Published in final edited form as: J Pediatr. 2016 Jun 16;176:7–9. doi: 10.1016/j.jpeds.2016.05.061

Do Red Blood Cell Indices Explain Racial Differences in the Relationship between Hemoglobin A1c and Blood Glucose?

Robert M Cohen 1, Eric P Smith 2, Shahriar Arbabi 3, Charles T Quinn 4, Robert S Franco 5
PMCID: PMC5003710  NIHMSID: NIHMS797132  PMID: 27318381

For a clinical test that has been around as long as hemoglobin A1c (HbA1c) and that started with a seemingly straightforward and simple story, there sure have been a series of controversies, many of which are still being debated. To most health care providers practicing today, however, it is essentially noncontroversial dogma that Hb is glycated on specific residues over the “120-day” lifespan of the red blood cell (RBC) and that HbA1c reflects average glycemic control equally well in everyone. Accordingly, you read the result, make a clinical decision, and get on with it, right?

Of course, we have all been taught that there are some conditions in which this is not true, namely, hemoglobinopathies that interfere in certain kinds of assays for HbA1c, and hemolytic diseases, such as sickle cell anemia and hereditary spherocytosis, in which the lifespan of the RBC is shortened. So, what is the big deal with the paper by Hamdan et al1 in this volume of The Journal? Why should the practitioner care? “The big deal” is the increasing recognition of situations in which the ostensibly simple story of HbA1c is not as straightforward as we once thought and we really do not know how often this leads to flawed clinical decisions. We will focus on mechanisms first, because they lead to understanding how a seemingly small alteration can significantly interfere with the assumptions underlying HbA1c interpretation.

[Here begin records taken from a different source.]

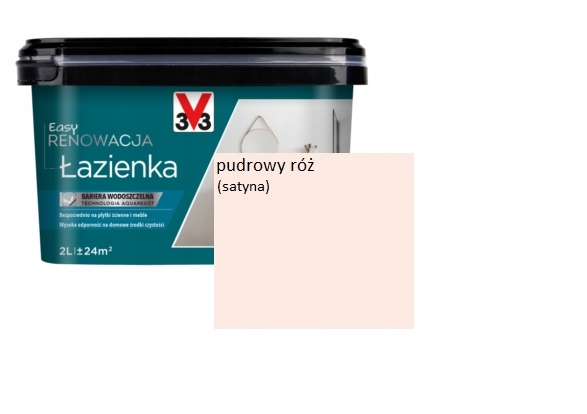 V33 Easy renowacja ŁAZIENKA - farba do malowania płytek ceramicznych ściennych, mebli łazienkowych, blatów umywalkowych w kolorze Pudrowy róż satyna w opakowaniu 2L
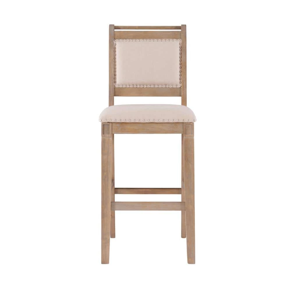 French style and farmhouse design combine to create this Brahm Natural Barstool. The washed finished wood is perfectly accented by the solid natural fabric and brushed silver nail heads. Footrails provide stability and durability. Bar Height.
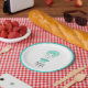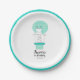 Chapas de papel super bonitas apresentam uma girafa em um balão de ar quente azul-aqua e amarelo listrado e seus detalhes em letras quicas. Também disponível em PINK. CORRESPONDENDO a itens na nossa loja.

We often are asked, “How much change in RBC lifespan is required to cause a difference in HbA1c that would alter a clinical decision?” In 1976, one healthy person was described in whom the fraction of glycated Hb increased continuously in vivo throughout the RBC lifespan.2 More recently, we used the biotin RBC label to demonstrate more precisely that the in vivo formation of HbA1c in people is linear with time at stable glycemic control,3 which leads to the conclusion that a change in RBC lifespan leads to a proportional change in HbA1c at constant blood glucose. For example, an 8% reduction in average RBC age causes an 8% decrease in HbA1c. In this case, a diabetes-diagnosing HbA1c level of 6.5% would instead be 6.0% (despite abnormal glucose tolerance), causing a missed diagnosis of diabetes. Moreover, our research group has demonstrated by 2 independent methods for measuring RBC lifespan in humans, ex vivo biotin labeling and in vivo stable isotope labeling, that there is a much wider normal range for RBC lifespan than previously appreciated: approximately ± 20 days (2 SD) around a mean of about 120 days.3,4 This finding indicates that “one size does not fit all,” even for the normal population.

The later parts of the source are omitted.